Sempre que uma grande tragédia ocorre, a soliedariedade costuma aparecer por todos os lados mostrando que, ao contrário do que se costuma pensar, há um interesse comum e altruista pelo bem de todos os povos, por mais próximos ou distantes que estejam.

Isso não foi diferente com o Japão que, após terremotos, tsunami e um dos mais graves desastres nucleares da história, vem enfrentando uma guerra diária pela sobrevivência.

Por todo o mundo, empresas e pessoas se uniram em redes de informação (como o Japan Person Finder, do Google) ou de doações, em sua maior parte capitaneadas pela Cruz Vermelha.

E tivemos, aqui no Clube, um exemplo que deve ser conhecido por todos.

O autor Edweine Loureiro, que reside no Japão há alguns anos, resolveu usar a literatura para ajudar as vítimas. Como? Ele juntou uma série de crônicas suas, a maior parte premiada em concursos literários, e publicou no livro Clandestinos (e outras histórias).

Como os contos dividem-se entre Brasil e Japão, os seus textos acabam transportando os leitores para a ilha asiática, onde eles podem conhecer o dia-a-dia de um imigrante, suas histórias, casos e “causos”. Essa proximidade criada pela literatura já traz, por si só, algo valiosíssimo: a minimização da distância que separa os dois países e uma maior integração entre as culturas do autor, personagens e leitores. Algo fundamental para que se conheça melhor os tantos corações que foram abalados pela tragédia.

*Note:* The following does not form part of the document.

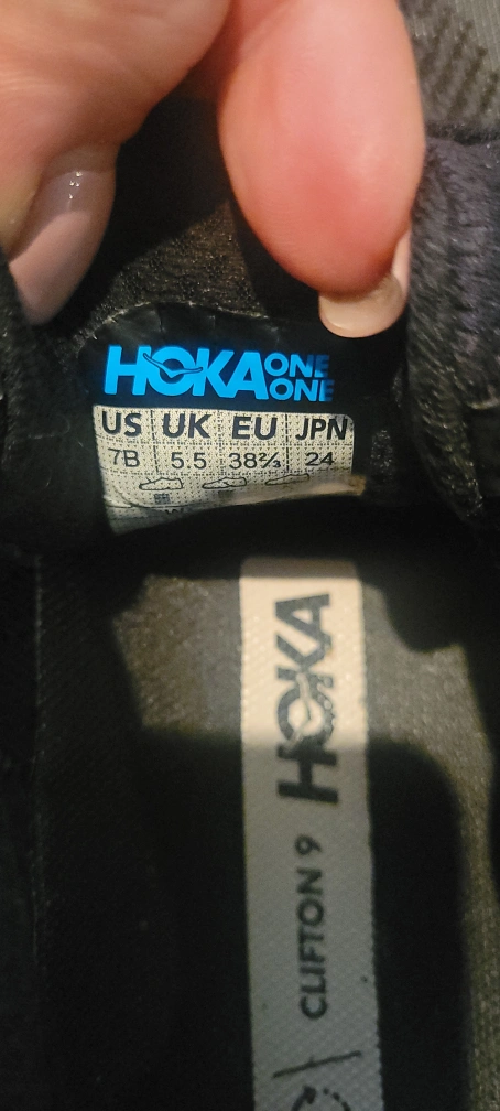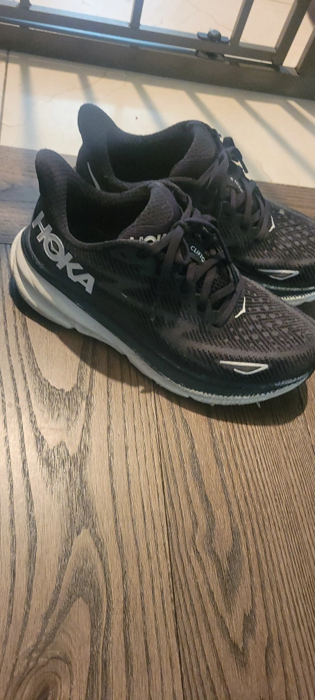 Selling a pair of Hoka Clifton 9 running shoes. They are a US size 7. There are some signs of wear on the front of the shoes as shown in the pictures, but they are still in good condition for running or walking!

Edweine, no entanto, decidiu ir além de apenas fazer o leitor se sentir mais próximo das histórias contadas em seu livro – algumas que certamente envolveram vítimas. Em um acordo feito com a Cruz Vermelha, ele está doando 100% dos seus direitos autorais para campanhas de ajuda humanitária aos japoneses.

Uma maneira altamente representativa que ele encontrou de apoiar o país que o acolheu e no qual testemunhou um verdadeiro colapso geográfico e social no último mês.

A ação de Edweine não passou incólume uma vez que ele foi dos primeiros a usar a literatura como ferramenta de ajuda humanitária: diversas rádios japonesas e blogs, a maior parte voltada para imigrantes brasileiros e seus familiares, já noticiaram o fato e estão ajudando-o na campanha.

Da nossa parte, gostaríamos de parabenizar Edweine pela atitude.